Bought a Marantz PM7200 - dead channel

I thought the DBTs only were accurate with regular tungsten lamps and not halogen, no?
 
just remembered something . make sure the outputs have correct voltages . this however only applies with a speaker load and signal applied .
 
is amp at idle no speaker load ?

When I turn the amp on the speaker relay does not come on. I've checked the circuit and found odd voltages. Since then I found the faulty resistor shorted open which may be why the voltage was out of wack.

From previous post;

Sigh.....I'm pretty gutted right now :( I put in a 72W globe with the same results. If I power up with the "class A" on it powers up with a big click but no secondary click as the power amp comes on and music is played. If I then turn the amp off, turn off the "class A" switch and then power the amp back up I get 3 clicks on/off with the bulb going bright/off bright/off bright/off before it turns back on, stays on, with a dim bulb. If I turn the amp off and back on again WITHOUT using the "Class A" function the amp powers on/off normally with out the secondary click for main amp operation. If I then turn amp off and press class A on, it repeats as before.

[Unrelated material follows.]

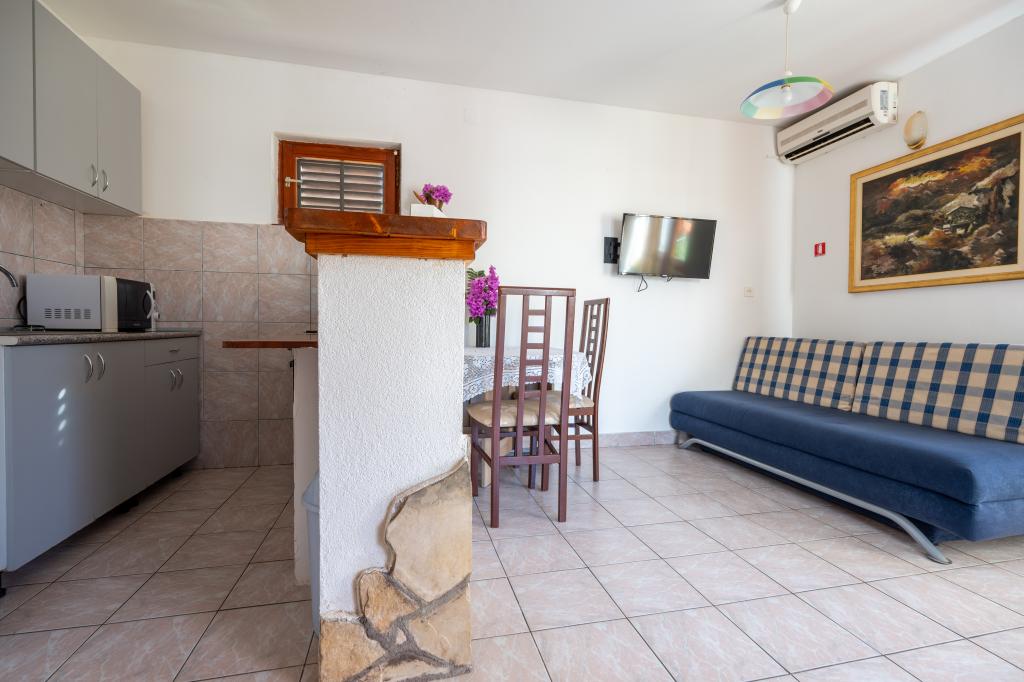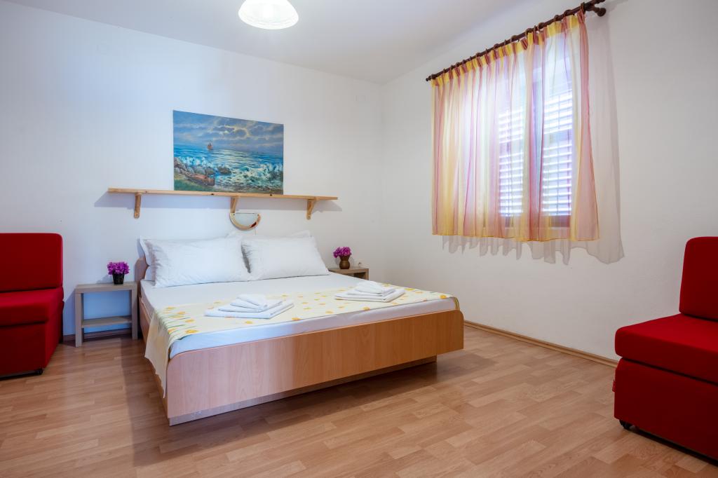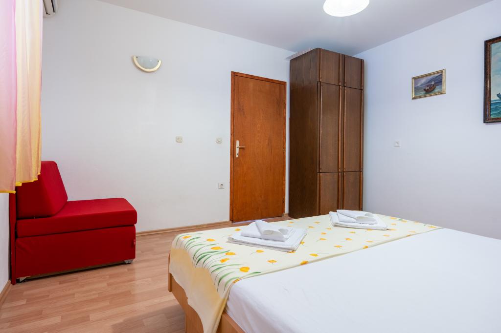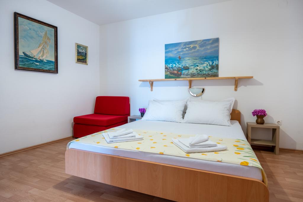 Taxa de rezidenta este inclusa in pret. Document de confirmare a rezervării la rezervareNamolul are mai multe plaje frumoase și golfuri izolate cu o mulțime de umbră naturală. Toate plajele, înconjurat de pini, cu intrare foarte treptată în mare, adecvate pentru copii. Marea este curată și limpede precum cristalul. Pentru vacanță mai activă se pot juca tenis sau fotbal, și sporturi de apă, închiria o barcă, jet ski, scuter... noapte pescarilor, cu muzică live, pește la grătar și multe de divertisment popular tradițional sunt organizate săptămânal. Cei care iubesc mersul pe jos sau drumeții vor găsi trasee marcate în pădurile din jur și pârtia de munte. Excursii la insulele din apropiere sunt organizate zilnic. Puteți merge, rafting pe râul Cetina sau foto safari prin delta râului Neretva, toate la o distanță de 50 km de proprietate.
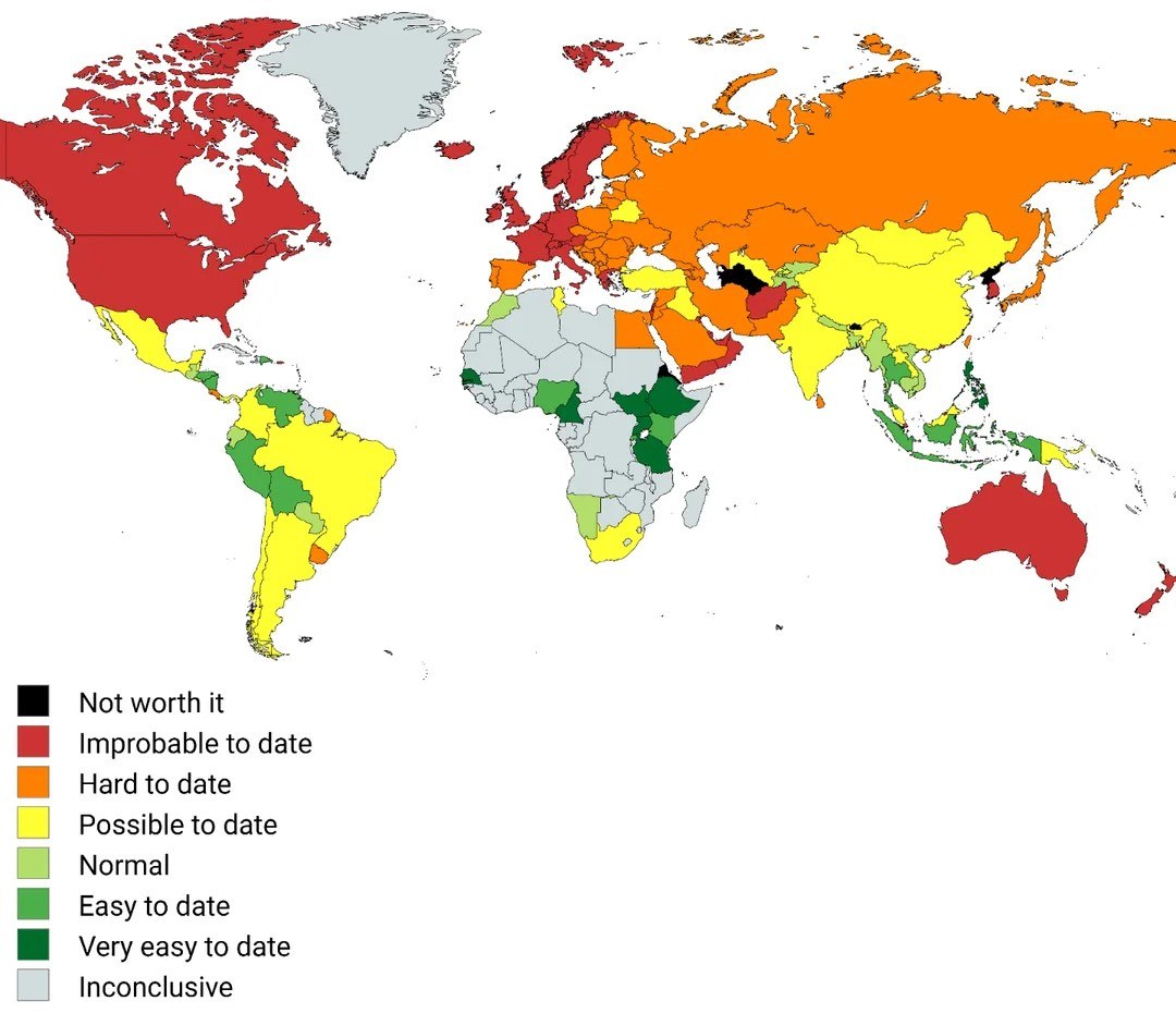 Χάρτης που δείχνει τους καλύτερους προορισμούς για εύρεση σχέσης Πηγή: reddit

So so gutted right now......I honestly do not know what to do now. I haven't checked the left channel however I was in the right channel circuit when I shorted it with the left channel working perfectly well prior to the short. Honestly didn't think I'd have stuffed up the left channel :(

Could I have? :dunno:
 
Also can I use a standard 5% tolerance 10 Ohm resistor to replace the 10E one? The only difference is the 10E resistor has a purple band on it (5 band resistor) which I think is a 0.1% tolerance. Service manual says [10E 5% 0.33W]
 
WOOOOHOOOOO! :banana:

IT LIVES!! :music: YOU BLOODY RIPPA! :rflmao::banana:

ON both channels!! :rockon:

That final resistor did it! I am over the moon right now GIDDYUP! :biggrin:

The power up gave me a click........pause.....then another click.....where my heart lept with joy! I plugged in my phone to stream music via the headphone jack to line in and heard silence! Stupid me thought it was on line 2 so I was like "oh no, now what?" Tried line 1 and got music yeehaw!

After HOURS AND HOURS of staring at a circuit diagram, pulling parts to test after I shorted the main amp out (DOH), measuring EVERY damn component (resistors, diodes and transistors) I have glorious music from both channels!

I COULD NOT have done this without the help of you all here, in particular MBZ :bowdown::bowdown: who freely gave of his time to make dozens of posts to advise on what steps to take, interpret my readings and, most incredible of all, EXPRESS POST, AT HIS EXPENSE, parts to repair it (refusing my offer of payment.) :bowdown::bowdown:

This has been an incredible learning experience and I cannot thank you all enough for helping a complete amateur like myself. :)

Now to try the class A mode. I've only tried AB so far. I suppose this will also need some tuning after installation of new components.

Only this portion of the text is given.